GOAL OF THE EXERCISE: Leave the images aside and repeat the whole listing exactly.

§ §

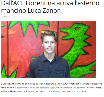 "L’Unicusano Ternana comunica di aver ingaggiato dalla A.C.F. Fiorentina il calciatore classe ’96 Luca Zanon. L’esterno mancino, nella passata stagione 23 presenze in Lega Pro nella Pistoiese,...
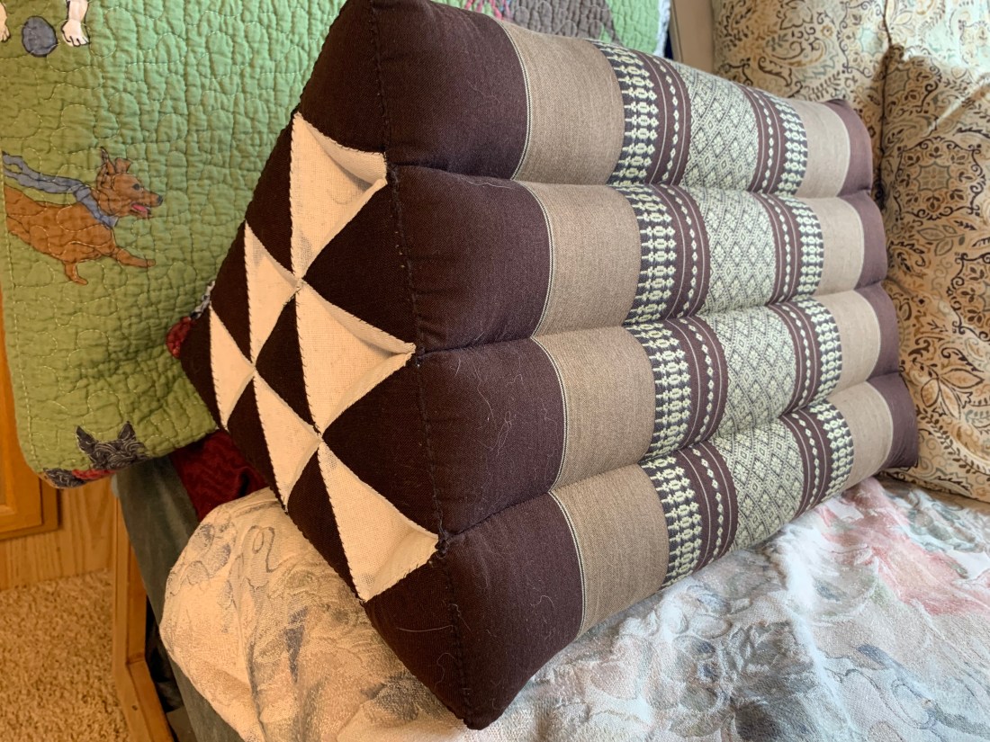Now for one of my favorite finds! This Indian triangular back rest pillow from amazon is absolutely the best! It is very firm and fairly stout and heavy so it doesn’t slide around or mush down when you want to prop yourself up in the bed and write a blog. Since lil bit is the bed hog and blanket hog I can say that she approves of this purchase, so we can snuggle as I write lol… although Conestoga Chuck may not approve so much because we are technically sitting in “his room” on “his bed” lol
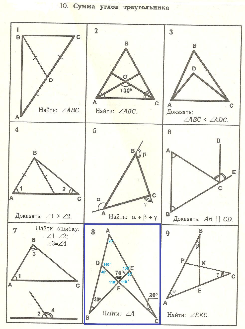 ∠ВАЕ = 180° - (130+30) = 20° ⇒∠А=20°
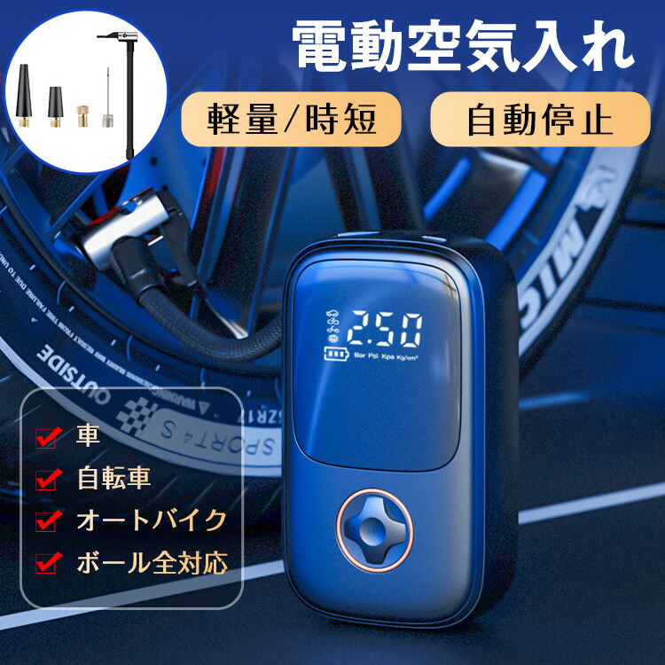 コンパクト 小型 簡単 かんたん 操作 気圧単位 選べる 設定空気圧で自動停止 万能 ギフト対応 プレゼント
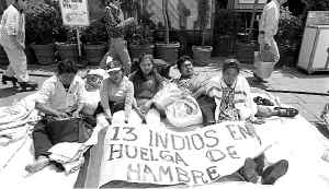 Iindígenas de Guerrero iniciaron una huelga de hambre cerca del Senado para exigir la liberación de sus compañeros en ese estado Ť Foto: María Luisa Severiano

§ §

SOLUTION FOR THIS EXERCISE:
 "L’Unicusano Ternana comunica di aver ingaggiato dalla A.C.F. Fiorentina il calciatore classe ’96 Luca Zanon. L’esterno mancino, nella passata stagione 23 presenze in Lega Pro nella Pistoiese,...
Now for one of my favorite finds! This Indian triangular back rest pillow from amazon is absolutely the best! It is very firm and fairly stout and heavy so it doesn’t slide around or mush down when you want to prop yourself up in the bed and write a blog. Since lil bit is the bed hog and blanket hog I can say that she approves of this purchase, so we can snuggle as I write lol… although Conestoga Chuck may not approve so much because we are technically sitting in “his room” on “his bed” lol
 ∠ВАЕ = 180° - (130+30) = 20° ⇒∠А=20°
 コンパクト 小型 簡単 かんたん 操作 気圧単位 選べる 設定空気圧で自動停止 万能 ギフト対応 プレゼント
 Iindígenas de Guerrero iniciaron una huelga de hambre cerca del Senado para exigir la liberación de sus compañeros en ese estado Ť Foto: María Luisa Severiano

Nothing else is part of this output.